*Problem to work on*. The listing below must be repeated word for word, with its images excluded.

===== Data segment

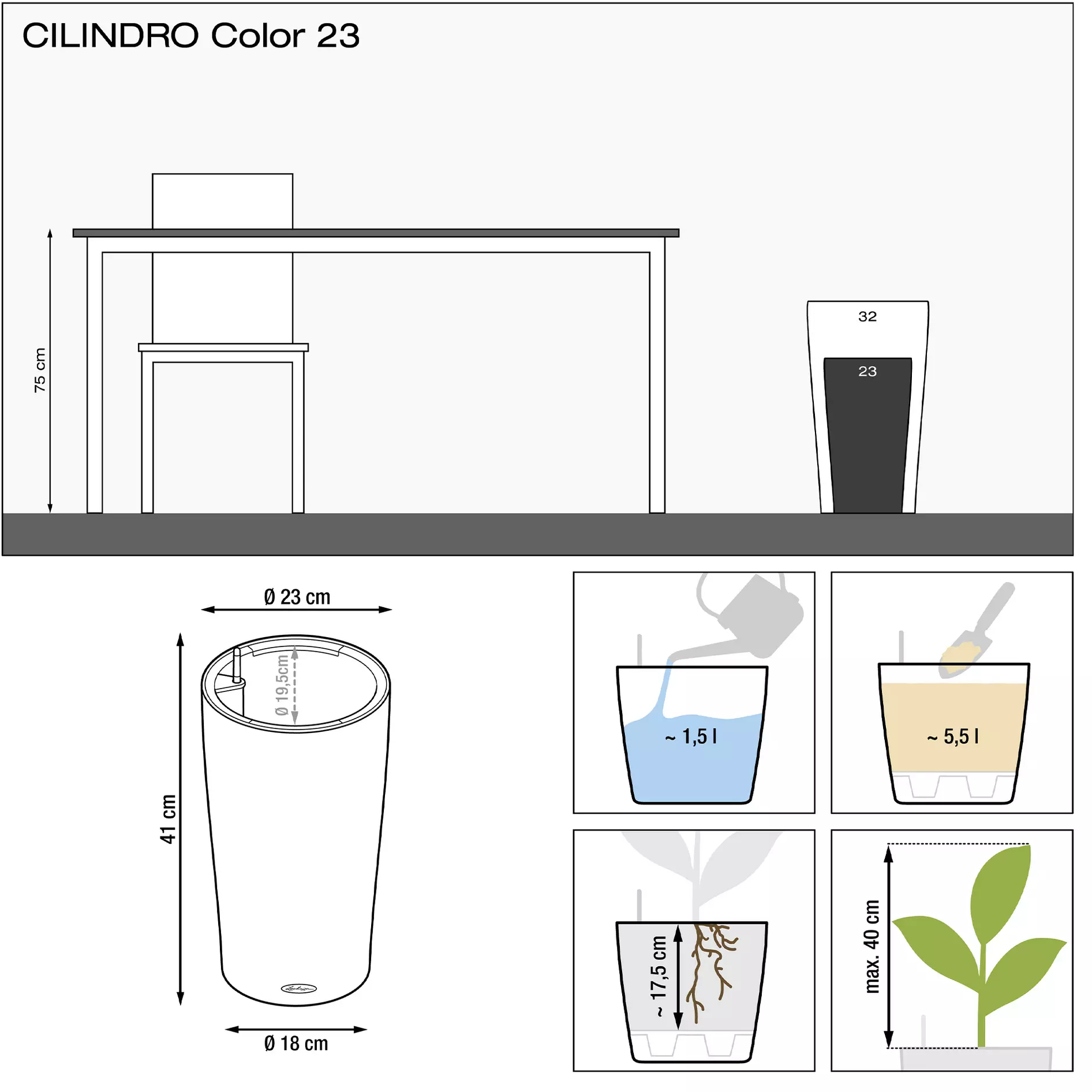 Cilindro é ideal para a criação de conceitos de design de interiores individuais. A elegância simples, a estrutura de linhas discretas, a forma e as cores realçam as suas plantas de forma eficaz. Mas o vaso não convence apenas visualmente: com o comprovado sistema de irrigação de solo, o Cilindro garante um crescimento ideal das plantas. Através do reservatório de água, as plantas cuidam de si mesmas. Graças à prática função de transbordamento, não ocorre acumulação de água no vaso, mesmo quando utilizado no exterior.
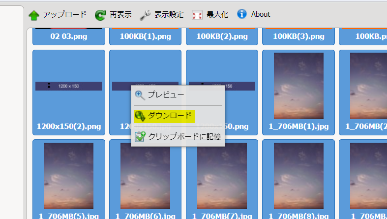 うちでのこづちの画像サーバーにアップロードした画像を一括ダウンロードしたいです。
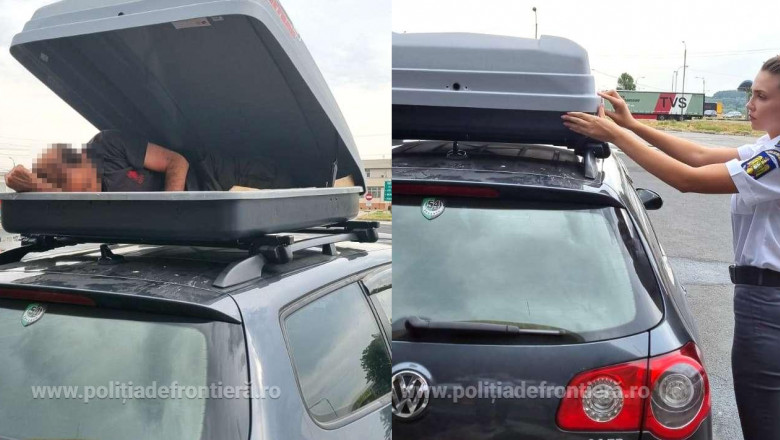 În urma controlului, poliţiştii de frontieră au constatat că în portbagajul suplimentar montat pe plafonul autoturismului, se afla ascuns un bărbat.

==========

*Response to this exercise*.
 Cilindro é ideal para a criação de conceitos de design de interiores individuais. A elegância simples, a estrutura de linhas discretas, a forma e as cores realçam as suas plantas de forma eficaz. Mas o vaso não convence apenas visualmente: com o comprovado sistema de irrigação de solo, o Cilindro garante um crescimento ideal das plantas. Através do reservatório de água, as plantas cuidam de si mesmas. Graças à prática função de transbordamento, não ocorre acumulação de água no vaso, mesmo quando utilizado no exterior.
 うちでのこづちの画像サーバーにアップロードした画像を一括ダウンロードしたいです。
 În urma controlului, poliţiştii de frontieră au constatat că în portbagajul suplimentar montat pe plafonul autoturismului, se afla ascuns un bărbat.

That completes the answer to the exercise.